Esta tradición cultural, construida poco a poco y gracias a los cambios, se halla en un punto determinante para avanzar con los valores que muchos les reclaman. “Los platos que tienen cientos de años de historia son importantes, no sólo en términos de identidad cultural, sino también de la capacidad de la población local para vivir de manera sostenible en su región particular y tener soberanía sobre lo que comen”. Así los derechos laborales o los derechos animales comulgan con la tradición gastronómica pese a los obstáculos existentes para que sea de este modo.

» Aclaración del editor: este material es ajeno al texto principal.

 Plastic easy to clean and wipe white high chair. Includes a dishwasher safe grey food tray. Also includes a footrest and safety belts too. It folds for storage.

“Es muy impactante que en la era moderna, cuando entendemos mucho más sobre los sentimientos de los animales, los tratamos tan mal en especial los de granja industrial. La adicción a la carne barata demuestra nuestra disonancia cognitiva masiva cuando se trata de las condiciones en las que se mantienen estos animales. Cualquier sociedad auténticamente ética prohibiría por completo la producción ganadera industrial a gran escala, tanto por motivos compasivos como ecológicos”.

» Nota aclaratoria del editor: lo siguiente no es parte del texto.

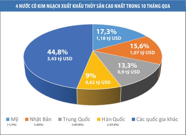 Tại hầu hết các thị trường trọng điểm (45 thị trường), xuất khẩu thủy sản đều đạt tăng trưởng mạnh trong 10 tháng qua. Đặc biệt, thủy sản Việt Nam xuất sang Trung Quốc có sự tăng trưởng đột biến, đạt gần 68%. 4 quốc gia có kim ngạch xuất khẩu thủy sản lớn nhất là Mỹ (chiếm 17,3% tổng kim ngạch), Nhật Bản (15,6%), Trung Quốc (13,3%) và Hàn Quốc (9%). Các nước Đông Nam Á nói chung chỉ chiếm 7,2% trong tổng kim ngạch, đạt 492,43 triệu USD, tăng 17% so với cùng kỳ.

Respecto a los derechos de los trabajadores y los márgenes justos para los productores, Steel defiende a los que verdaderamente alimentan el mundo: “Simplemente no pagamos lo suficiente por nuestra comida y, como resultado, muchos trabajadores agrícolas, incluso en Europa, todavía trabajan en condiciones de semiesclavitud: hasta que no reconozcamos que debemos pagar más por nuestra comida y ajustar la fiscalidad consecuentemente para que todas las personas puedan permitirse comer bien, estas causas continuarán”. Por eso defiende el llamamiento cada vez mayor de volver a los métodos agrícolas tradicionales, granjas más pequeñas y de uso mixto. “Una mayor transparencia en el sistema alimentario es una buena noticia tanto para los agricultores como para los animales, pero requerirá un cambio cultural”, explica.

Volver a la agricultura tradicional no tiene que estar reñida con los avances. La tecnología también puede ser un aliado para la agricultura ecológica – para monitorizar humedad y temperatura, ayudar a controlar plagas sin tóxicos, planificar cultivos, etc. -, aunque de momento avances como la manipulación genética de las semillas se ha utilizado para beneficio privado de unas empresas. “Es una falsa dicotomía decir que o cultivamos de una manera industrial de alta tecnología o volvemos a ser campesinos medievales”, explica la autora, que pone de ejemplo la agricultura computacional. “Es un campo emergente que utiliza robots, no para reemplazar a los agricultores, sino para ayudarlos a cultivar de forma más natural. Los sensores computarizados pueden monitorizar la humedad y el contenido mineral del suelo, y les dicen a los agricultores exactamente qué campos y plantas necesitan su atención”.